Les plus de 30 000 personnes qui ont signé cette pétition ont validé une conception de l’espace public particulièrement « toxique », pour utiliser un mot aujourd’hui très en vogue pour qualifier tout et n’importe quoi.
L’espace public doit être sûr pour tout le monde, c’est une évidence. Mais il doit aussi être accessible à tous, et partagé par tous.
Ce sont des comportements qui doivent y être bannis, pas des catégories d’individus.
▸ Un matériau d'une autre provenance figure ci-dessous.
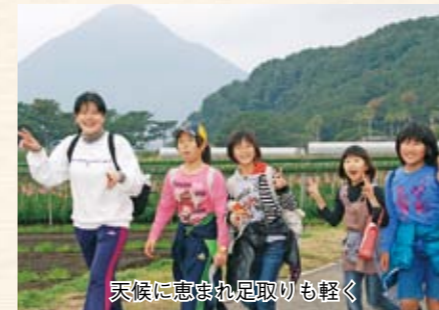
天候に恵まれ足取りも軽く

Les seuls espaces non mixtes acceptables – et nécessaires – sont ceux où l’intimité doit être assurée : toilettes, vestiaires, cabines d’essayage… Tout le reste relève du puritanisme religieux ou de la ségrégation.
Tout à fait d’accord. Mais je propose une autre mesure l’obligation de porter un bracelet d’identification aux personnes condamnées pour agression sexuelle. Bracelet qui empêchera d’utiliser les transports en commun à partir de 20h.
Oui pourquoi pas, mais encore faudrait-il que le délinquant (ou la délinquante pourquoi pas ?) ait déjà été jugé donc qu’il y ait eu une plainte et procédure.
Les plaignantes (ou plaignants) pour une main baladeuse, frottements ou propositions « indécentes », portent rarement plaintes et c’est un tort, dans le même temps force est de constater que ce rendre au commissariat — et lequel — lorsque les « victimes » sont sans « force de l’ordre » dans le Wagon ou sur les quais, n’incite pas à dépôt de plainte.
Ensuite encore faut-il que la plainte dans un commissariat soit effectivement enregistrée et portée à la connaissance d’une autorité judiciaire, qui débordée classe sans suite ces plaintes sauf s’il s’agit de coups et blessure ou viols et encore avec amples témoignages.